Fue Shinichirō quien le enseñó una forma de canalizar esa ira a través de la música, le regaló una guitarra acústica de color púrpura como sus ojos y le pidió que siempre sonriera, que si lo que buscaba era el amor con desespero, quizás debería convertirse en un idol que sonríe todo el tiempo y recibe el amor de cientos de personas. Se dejó llevar por la mágica música y su relación con sus hermanos comenzó a mejorar, aunque continuaba siendo un poco distante en ciertas ocasiones, se esforzaba por salir de su caparazón.

Por desgracia, aquella felicidad no le duraría más que un par de años. Su hermano Shinichirō brillaba con tanta fuerza que fue incapaz de ver la oscuridad que había tras su sonrisa, su repentino suicidio lo llevó a escapar de la casa, muy lejos del dolor y los recuerdos, lo único que llevaba consigo era la guitarra púrpura y una mochila con un poco de ropa y un cuaderno lleno de canciones que esperaba nunca volver a cantar.

Varias veces le preguntaron Izana por qué acabó en la correccional y en cada ocasión daba una respuesta diferente: robo a mano armada, peleas en vía pública, posesión de droga, prostitución, destrucción de un auto, y jamás daba la verdadera respuesta, en ciertas ocasiones simplemente decía que no necesitaban saber por qué estaba en ese lugar, solo debían ser conscientes de que estaba ahí y punto. En la correccional se reencontró con Kakuchō, un niño inocente que conoció en uno de los muchos orfanatos en los que pasó y como él claramente no sabía lo que le estaba pasando, no sintió pena la hora de pedirle cantar una canción en honor a su reencuentro.

Izana se negó los primeros días porque no le apetecía volver a estar en contacto con la música luego de lo que sucedió con su hermano, pero la insistencia de Kakuchō pudo ablandar un poco su corazón cuando le dijo: 

—Tu voz fue lo que me salvó hace tantos años, siempre esperé volver a oírte.

¿Y para qué negarlo?
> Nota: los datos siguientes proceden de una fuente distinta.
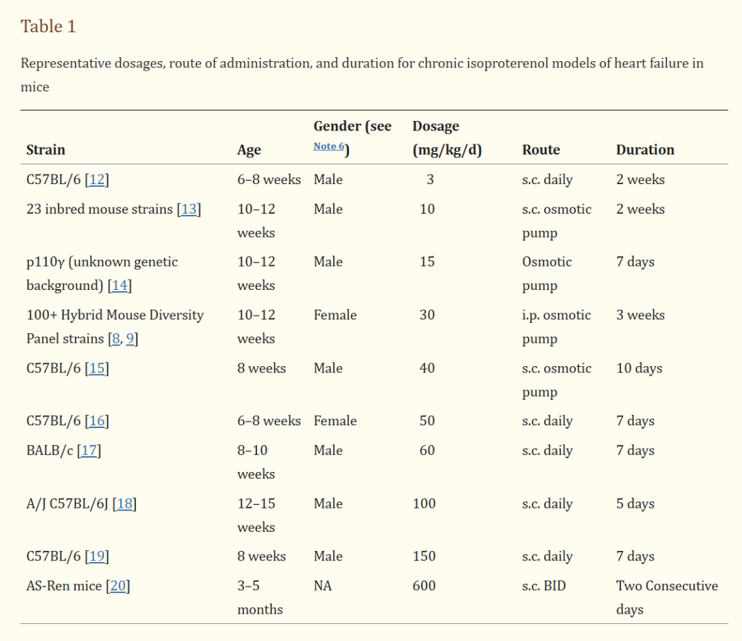 此外,常用的异丙肾上腺素诱导模型还需要进行复杂的给药剂量和周期的摸索。Sunny C. Chang 对于该方法进行了统计汇总,从文中我们不难得知针对不同品系、不同周龄、不同性别的小鼠,药物的注射方式都有较大差别,即使是同一种小鼠品系不同文献报道间也存在差异,因此,每一个独立实验室在建立模型时都必须进行预实验。

Se estremeció.

Fue entonces que volvió a cantar, poco a poco su voz fue atrayendo a otros chicos problemáticos que vivían en la calle, que fueron abandonados o traicionados por los adultos que debían protegerlos, Izana mismo se sentía como alguien que fue abandonado por la persona en la que más confiaba, no le quedaba más alternativa que encontrar su propio camino, su propia familia y su propio sonido, quería asegurarse de que esta vez no perdería ninguno de ellos.
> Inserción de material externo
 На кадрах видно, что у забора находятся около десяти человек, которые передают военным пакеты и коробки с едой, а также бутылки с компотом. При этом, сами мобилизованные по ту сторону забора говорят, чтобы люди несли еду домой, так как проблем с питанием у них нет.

A sus ojos Ran era un niño que buscaba desesperadamente convertirse en adulto, Rindō otro niño que vivía en la luna y tenía un talento natural para el rap, Kakuchō se convirtió en su amigo más íntimo y confidente, también en un experto en la composición musical, Muchō tenía varios sentimientos reprimidos en su interior que cuando explotaban en forma de canción o una danza atraía todas las miradas y Shion, aunque al principio le parecía un chico bastante peculiar, pronto pudo haber por qué se consideraba a sí mismo tan especial incluso cuando tenía tanta mierda a sus espaldas, bailaba y cantaba para algo más grande que todavía no comprendía, a veces incluso llamaba a su atípica familia, “tribu”. Para el 2005 consiguieron una estabilidad extraña, pero que servía para ellos y pasaron días y noches enteras alrededor de una mesa intercambiando ideas de canciones, Shion les enseñaba a bailar y bromeaban de todo y nada.

No fue hasta diciembre de ese mismo año, en la presentación de Navidad donde vieron por primera vez a las bandas New Black Dragons y Tokyo Manji, que quedaron absortos por sus sonidos, y en Izana nació el ardiente deseo de superarlos.

Quería demostrarles a todo el mundo que Tenjiku era la mejor banda de todos los tiempos y lo haría siguiendo el consejo de Shinichirō: Sería un idol, con su sonrisa falsa y dispuesto a recibir el amor de todo el mundo, superaría a Manjirō Sano y Yuzuha Shiba, el supuesto descendiente del famoso Shinichirō Sano y la supuesta heredera del nombre de la banda de punk más popular de los 2000. Sabe que lo logrará porque nadie amaba más la música que él, lo demostraría siendo un idol de la banda más famosa de todos los tiempos.